Processos de habilitação
Conforme duas fontes da indústria exportadora, 56 frigoríficos estavam em processo de habilitação. Antes da pandemia, oito deles já havia sido inspecionada pelos técnicos chineses e tinham um plano de correções a cumprir. Agora, essas unidades terão de reenviar o plano, com as atualizações pedidas.
O prazo para entrega dos formulários vai de 6 a 13 de agosto, a depender da lista em que cada frigorífico está enquadrado. Na visão de uma fonte do setor privado, não é exatamente um problema. Como os processos de habilitação de novos frigoríficos à China estavam parados — por causa da pandemia e pela menor necessidade do país, que já supre a demanda os habilitados —, a decisão do GACC de pedir a atualização do formulário pode ser um movimento chinês. De acordo com essa fonte, o pedido dá andamento ao pleito do Ministério da Agricultura sobre o processo de habilitações.
Em Brasília, nem todas as avaliações são iguais. As novas exigências soaram como “má vontade” da China em habilitar novas plantas brasileiras aos ouvidos de integrantes do Ministério da Agricultura. “Voltamos à estaca zero. Esse novo preenchimento é uma forma legal de atrasar o processo de habilitação de novas plantas”, afirmou um deles.

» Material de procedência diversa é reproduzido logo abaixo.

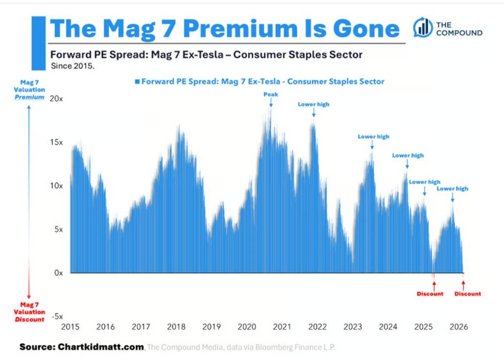 - The top 6 Mega-Cap tech companies are now cheaper than Consumer Staple. Wow!

Questão “profunda e política”
A sensação nos corredores do ministério é que a questão é mais “profunda e política” do que técnica, e que o ambiente de negociações bilaterais está contaminado pelos problemas políticos entre Brasil e China. “Nada mais avança com os chineses para abertura de novos mercados”, completou a fonte. A abertura mais recente da China para produtos brasileiros foi para lácteos, em 2019.

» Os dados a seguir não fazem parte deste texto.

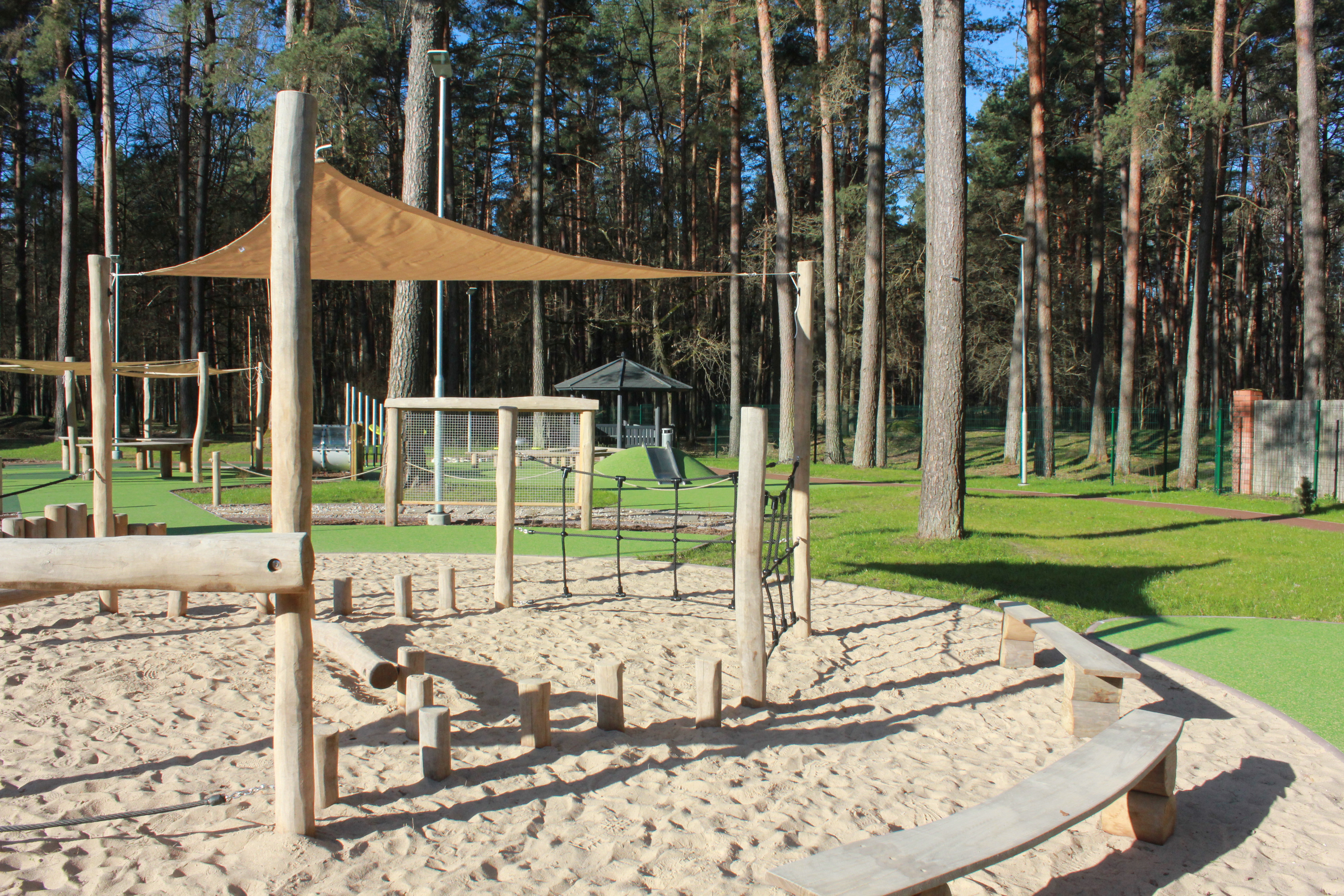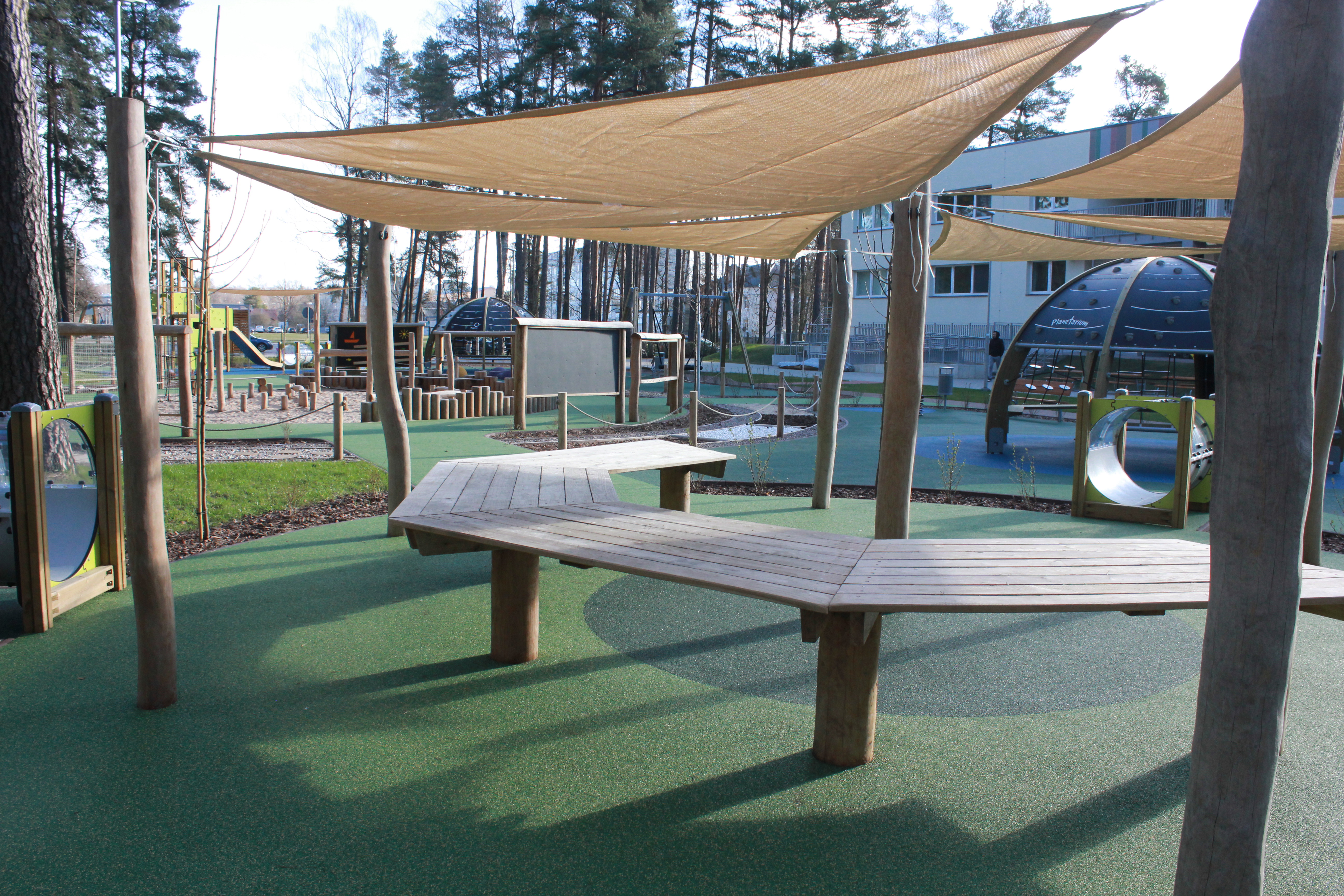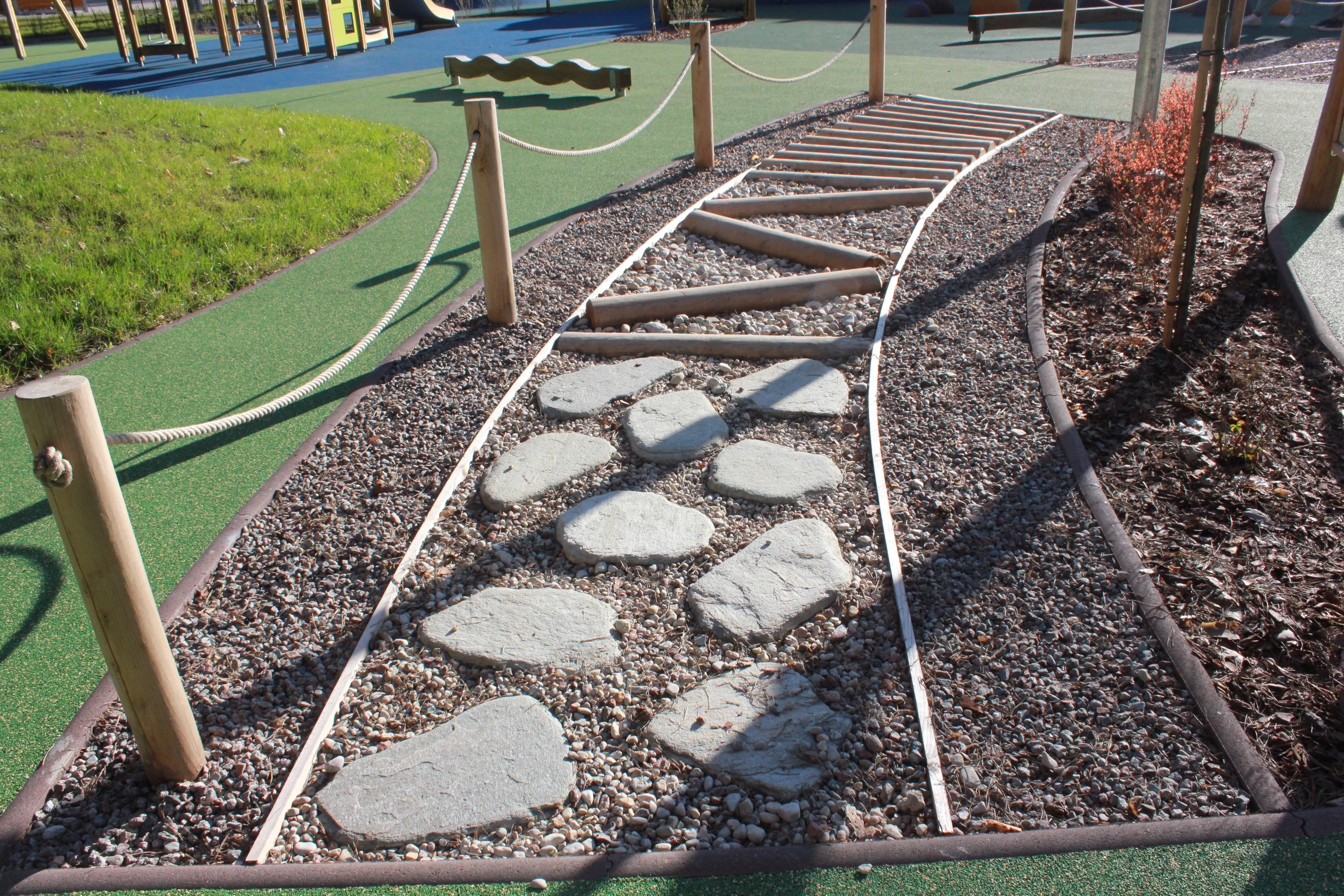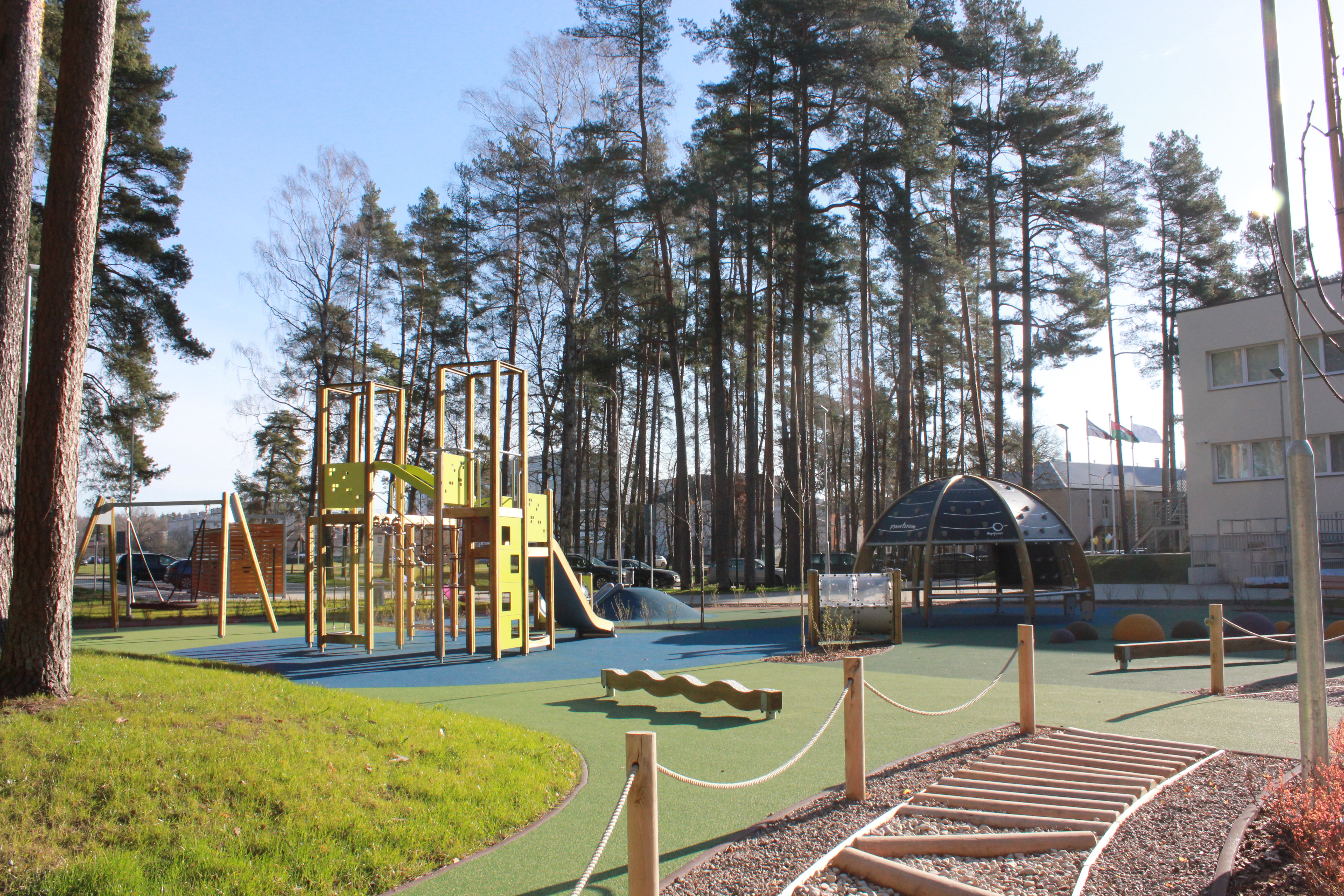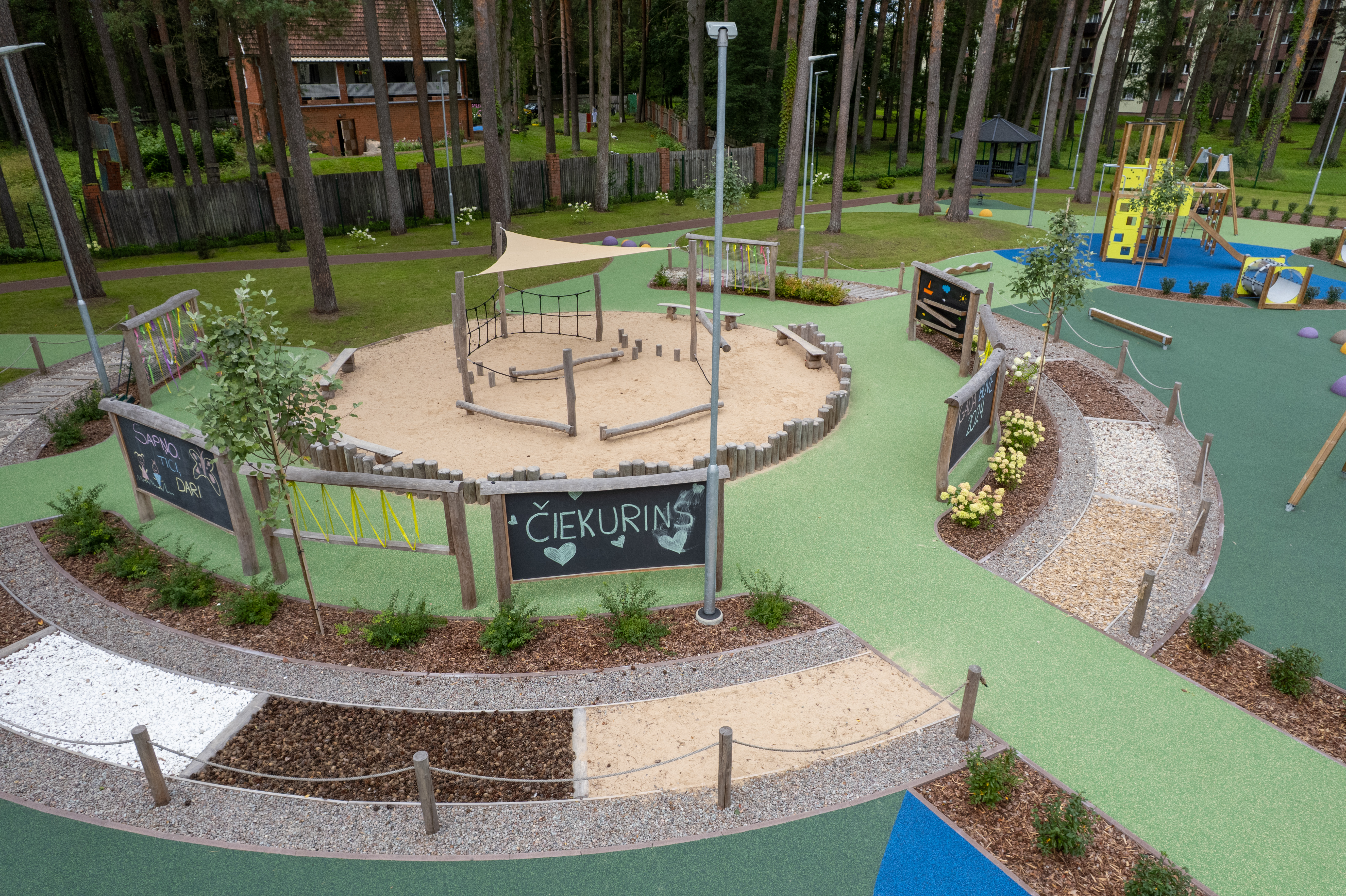Teritorijas pārbūves darbi bērnudārza vajadzībām, t sk., demontāžas darbi, zemes darbi, bruģa un lietā gumijas granulu seguma ieklāšana, sēta zāliena ierīkošana, betona apmaļu izbūve, kā arī tika veikta labiekārtošanas elementu izgatavošana un montāža. Sajūtu takas ierīkošana. Augu stādīšana. Teritorijas elektroapgādes izbūve.

O cenário contrasta com a habilitação de centenas de plantas frigoríficas pela China nos Estados Unidos e em outros países. Para outra fonte oficial, no entanto, o Brasil não está em posição para habilitar novos frigoríficos, uma vez que tem acumulado recordes de embarques, especialmente à China. Isso afasta o argumento de que há “prejuízo ao comércio” com a demora nas autorizações. A fonte também não acredita em perseguição com o Brasil. “A China não está aprovando novas plantas de forma geral, a não ser a grande habilitação de plantas americanas, baseada em negociação política”.
Também há questões estratégicas para o mercado interno chinês. Após a epidemia de peste suína africana, Pequim incentivou investimentos para a produção de carnes suína e de frango há mais de um ano. O resultado foi uma queda forte nos preços da carne suína. Segundo um analista que acompanha os dados chineses, o preço da carne de porco no país caiu de 47,6 renminbi por quilo, no início do ano, para 22.
“A posição do governo chinês sempre foi de trabalhar a habilitação das plantas buscando equilíbrio do mercado interno. O que acontece lá é importante para dizer se eles habilitam ou não, pois não querem inundar o mercado de produto. No médio e longo prazo, faria mais sentido a habilitação de frigoríficos de carne bovina, pois os preços seguem altos na China e é uma produção mais demorada”, concluiu a fonte.